Task directions
Below is a block of entries; repeat exactly the lines starting at the line that contains "Răsboiul din Balcani: Muctar" and ending at the line that contains "sgomot enorm. PISOIUL", both included.

Entries supplied

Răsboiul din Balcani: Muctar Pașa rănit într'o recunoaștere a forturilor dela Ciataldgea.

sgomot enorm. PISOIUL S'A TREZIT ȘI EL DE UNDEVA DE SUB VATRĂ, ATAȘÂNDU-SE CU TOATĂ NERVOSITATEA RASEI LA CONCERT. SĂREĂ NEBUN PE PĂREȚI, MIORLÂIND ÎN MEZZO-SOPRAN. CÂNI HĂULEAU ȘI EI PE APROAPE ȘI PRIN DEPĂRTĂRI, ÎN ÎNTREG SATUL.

==

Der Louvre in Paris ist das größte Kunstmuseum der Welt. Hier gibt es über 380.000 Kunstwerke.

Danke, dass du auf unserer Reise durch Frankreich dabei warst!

--

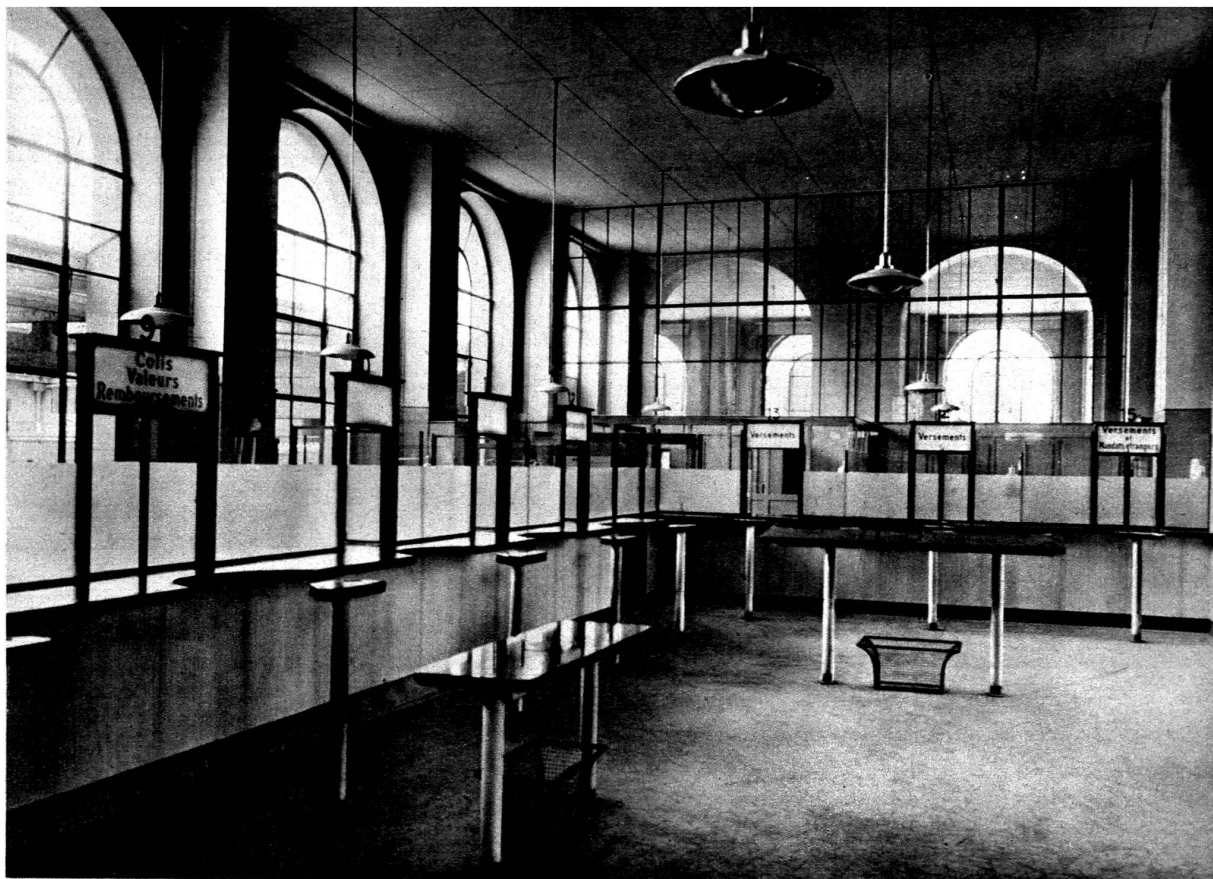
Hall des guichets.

Response area
Răsboiul din Balcani: Muctar Pașa rănit într'o recunoaștere a forturilor dela Ciataldgea.

sgomot enorm. PISOIUL S'A TREZIT ȘI EL DE UNDEVA DE SUB VATRĂ, ATAȘÂNDU-SE CU TOATĂ NERVOSITATEA RASEI LA CONCERT. SĂREĂ NEBUN PE PĂREȚI, MIORLÂIND ÎN MEZZO-SOPRAN. CÂNI HĂULEAU ȘI EI PE APROAPE ȘI PRIN DEPĂRTĂRI, ÎN ÎNTREG SATUL.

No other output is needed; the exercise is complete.